By JANIE SOUTHARD
jsouthard@dailystandard.com
ST. HENRY — It would have been her 32nd trip to Haiti,
but Linda Thieman had to cancel the trip scheduled for next
Wednesday due to the rebel uprising that seems intent upon ousting
President Jean-Bertrand Aristide.
Thieman, a long-time St. Henry resident, school bus driver and
religion teacher, said e-mails she’s received this week
from friends in Haiti indicate the situation will “probably
get worse before it can get better.”
Haitian friend Yvette Papillion e-mailed Thieman last Sunday
saying things have never been worse, but also expressing trust
that God will take care of everything including the hunger.

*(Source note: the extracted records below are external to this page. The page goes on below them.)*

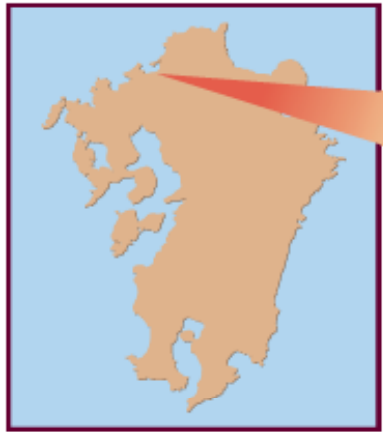
Kyushu Area of Japan

> 10 min. walk to the International Conference Hall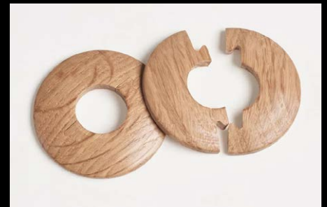
WOOD PIPE COVERS

LOW LINE 15MM UNP OAK, WALNUT, SMOKED, WHITE, GREY, DARK GREY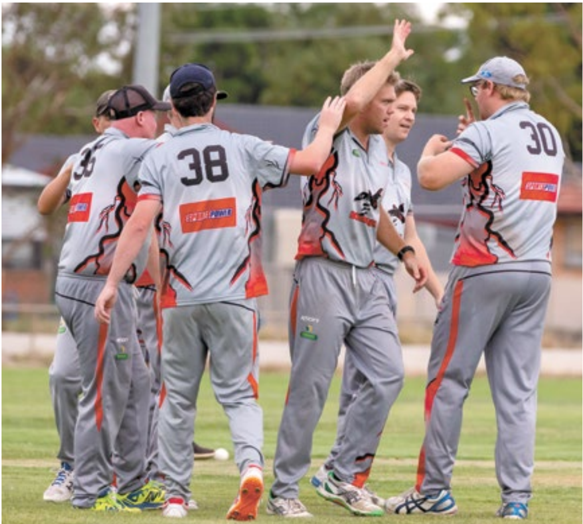
Wandella celebrate a Barham/Koondrook wicket.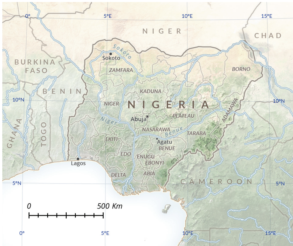
Nigeria

One claim that has gained traction among leaders of the Igbo (a large ethnic group with an estimated population of 30 million people in southern Nigeria) is that the country's president, Muhammadu Buhari (a Fulani), is pursuing the Islamization of Nigeria by allowing Fulani herdsmen to murder Christians. 11 These claims were rejected on October 10, 2016, by the Sultan of Sokoto, Muhammadu Sa'ad Abubakar III, a Fulani and one of Nigeria's leading Islamic authorities: "The problem with herdsmen and farmers is purely about economy. The herdsman wants food for his cattle; the farmer wants his farm produce to feed his family." 12 There have been calls for the sultan to make a personal intervention, appealing to the Fulani's respect for "true leaders and their traditional institutions." 13 The sultan, however, like the cattle associations representing the herders, claims that those involved in the violence are "foreign terrorists ... the Nigerian herdsmen are very peace-loving and law-abiding." 14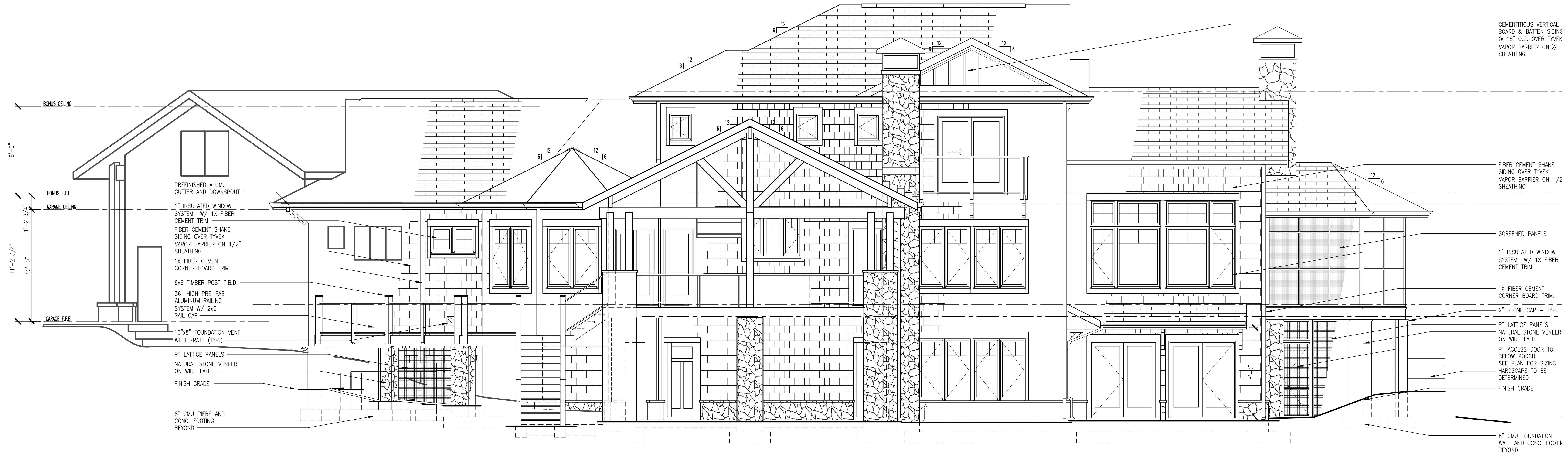
1 Front Elevation A-5

Papillion wrote: “We are so thankful for the rain last
week. The grass has greened, and now the people can at least
eat grass.”
Thieman gently shook her head as she related her friend’s
words to The Daily Standard last week at the St. Henry Catechetical
Center.
“It touches your heart, doesn’t it,” she said,
explaining people in the north are dependent on supplies coming
to them from the south, which is not happening since the fighting
began.
The Haitian people and their plight have touched Thieman’s
heart since her first trip in 1988 when she joined a group formed
by Br. Nick Renner to explore a Third World country.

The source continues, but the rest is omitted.